Sunday's half marathon was surrounded by sense of importance, a sense that I needed to define my running. Exactly why Sunday, and that race, I can't tell you. Maybe it's because I have a blog and I wanted to show a picture of my mind leading up to the race but everytime I tried to get my mental state to stand still it would morph. The snapshot was impossible. Why couldn't I just sum it up? It's only running.

I kept thinking back to September when I realized I didn't want to try and pass for nothing anymore. But something else stuck with me over the weeks, and I'm a little apprehensive to say what it is... it's a quote from Without Limits one of the Pre movies (Crudup not Leto). Bowerman looks up at the team on the first day of the season and says,

"Running, one might say, is basically an absurd past-time upon which to be exhausting ourselves. But if you can find meaning, in the kind of running you have to do to stay on this team, chances are you will be able to find meaning in another absurd past-time: Life." 

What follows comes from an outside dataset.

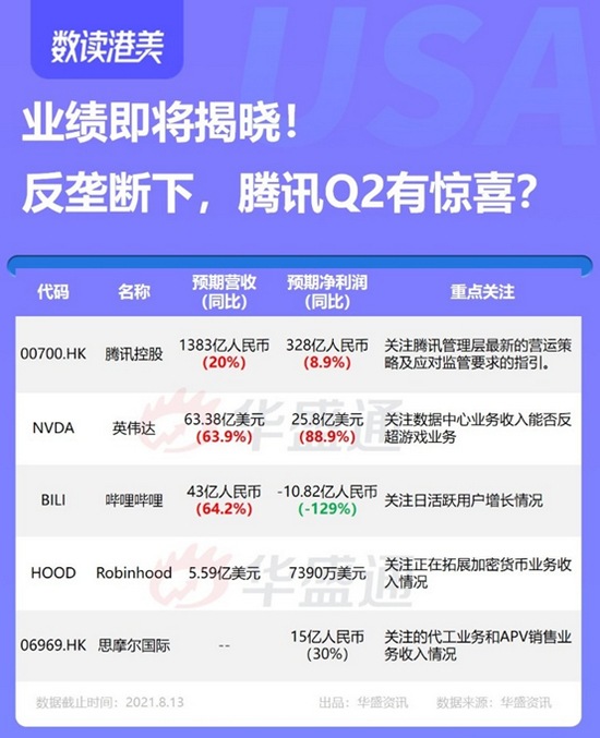 时间来到8月份第三周,港美股市场将继续迎来多份重磅财报,下周市场焦点主要是互联网龙头腾讯控股、芯片龙头英伟达、二次元的哔哩哔哩、美国散户集中营Robinhood以及电子烟龙头思摩尔国际等明星个股。

Who the hell knows if Bowerman, or anyone ever said this about running in real life. But those words have been hanging around me. And today, as my car crawled across the viaduct, it clicked. That might be the most accurate reason that it's hard to sum up the importance of running or the bigness of it. It's as ridiculous as life.
 
When I was younger, my grandfather told me a story. He told me when he woke up one morning, around the time he'd turned 25, he understood life. He understood his place in it, his role and the cause and affect of things. He just simply understood. The whole mess lined up.

Maybe that happens for white men. I'm kidding. But really when he told me this story I was 22 and my whole life felt like it was blowing up in some crazy quarter life crisis. I had no idea what life was or even what I wanted it to be. And I still don't. 25 came and went without any epiphany. But once in awhile I put a couple pieces together.

I'm 28 going on 29 and I'm running again after I had finally being able to turn my back on the sport for a few years. Of course now I realize I never walked away. Although last year if you'd asked me if I'd be gunning for a sub 1:20 half I'd have laughed. 1:20 is some sort of tipping point for me. It's an arbitrary number really, but it makes me feel full of possibility now that I've cracked it. And I didn't have to go to hell and back to do it. It wasn't effortless, but I didn't dig all the way down to the pain place to find it.

So basically I haven't figured out what running will be for me, but I know I care. And maybe that's all I need to know for now.